I would not think this would be grounds for termination and would see a lawyer if I hit a wall with admin..

Personally I think that's very shoddy of your employer's, how long have you worked there?


----------



## Aidey (Nov 4, 2009)

You should look into the laws in your state about discrimination. A lot of places have laws against firing a woman just because she is pregnant. They may not have to let you work on the ambulance, but it seems like they shouldn't be able to fire you.


----------



## fbsemssocial (Nov 4, 2009)

*Crappy employers*

I would say that it is unfair of them to fire you and would agree look into laws and see what you can do if that's the route you want to go. If they put it in writing that should make your attorneys job that much easier I am not an attorney so I cannot tell you the law so to speak but I would be willing to bet they are breaking on or more of the labor laws or discrimination laws by doing that.

I am sorry that you had such jerks for employers and hope that you find better ones that you can put your skills to use at.


----------



## Mountain Res-Q (Nov 4, 2009)

TALK TO A LAWYER!!!  The job is done no matter what...  but I believe you have a cass of wrongful termination based on discrinination as defined in the Federal Pregnancy Discrimination Act amendment to Title VII of the Civil Rights Act of 1964.   I am sure our resident CFR/Lawyer will make an appearance and provide a better answer than most of us can... but... this is what I found through a quick google search:

http://www.eeoc.gov/abouteeoc/35th/thelaw/pregnancy_discrimination-1978.html

http://www.postlawyer.com/Pregnancy_Discrimination.html

http://research.lawyers.com/Pennsylvania/Employment-Law-in-Pennsylvania.html

To quote the final site:  

_In Pennsylvania, employees are presumed to be "at will." At-will employees may be terminated for any reason, so long as it's not illegal. Generally, employees who work under an employment contract can only be terminated for reasons specified in the contract. In Pennsylvania, to overcome the presumption of at-will employment, an employee must demonstrate facts and circumstances establishing some tenure of employment. Overcoming the presumption of at-will employment is very difficult in Pennsylvania and has been characterized as an up-hill battle.

Employers are not allowed to terminate or discriminate against employees for the following reasons... Pregnancy.

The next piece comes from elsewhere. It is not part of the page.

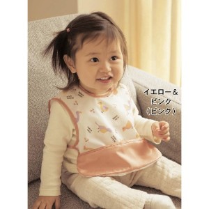 手首からすっぽりカバーし、袖口を汚れからガード。食べこぼしは、裾のポケットがキャッチします。全面ポリエステル素材で、サッと拭き取ればすぐにキレイに。2柄セットで洗い替えにも便利です。

And it's illegal for an employer to terminate an employee...
For reasons not contained in the employment contract, if one exists._

I would like to know what contract they believe they have that trumps federal and state law about discrimination...


----------



## firecoins (Nov 4, 2009)

speak to a lawyer.  It is illegal. Pregnancy is protected.


----------



## RESQ_5_1 (Nov 4, 2009)

When I first started with the organization I currently work for, we had an employee who was on Maternal leave. She returned only to go on Mat leave again 2-3 months later. She has since returned again as a casual employee (her choice). However, it should be noted that we have a union. Still, I would think that could be construed as discrimination and against the law.


----------



## Seaglass (Nov 4, 2009)

What they all said, and I think Mountain's right about the laws. Go find a phonebook. L is for lawyer.  

They're total morons for putting it in writing, but that's to your advantage. Keep that letter, and make some backup copies.


----------



## mycrofft (Nov 4, 2009)

*Like Mt said.*

Can you spell "FMLA", too?
Maybe thye are basing this on your "no longer" (until post partum) meeting thier physical agility and strength standards. See a lawyer.

Use this opportunity to learn about moving up in the organization, getting past the "trucks" and making more money with less physical duress.


----------



## guardian528 (Nov 4, 2009)

sarahharter said:


> well my company took this as a disibility and fired me because of this.



sounds like blatant discrimination. as posted above, i'm pretty sure there are oodles of laws preventing this


----------



## WolfmanHarris (Nov 4, 2009)

I'd mirror the seeking a lawyer part. Yes this job is done regardless and you probably wouldn't want to go back anyways. An attitude like this is disgusting and I enjoy watching awful companies get spanked when someone pushes back. However, such action is a commitment of time, money and risk you need to be sure of before you take it on. We can all scream "lawyer" all we want, but no one here but you is taking on that load during an already stressful time in your life.

Here after a certain period of time employed your employer is required to grant you unpaid maternity leave, the government then provides 50% pay during that time (essentially Employment Insurance). Some employers then provide a top up to these benefits. My employer provides maternity or paternity top up to 80% of usual pay. As I work for a Regional Municipality these benefits are for all employees; specific to EMS Paramedics are placed on light duty when necessary until they take their pregnancy leave. This usual involves clerical work in Administration, working in the Logistics department, helping with community programs or education in the Professional Standards department.


----------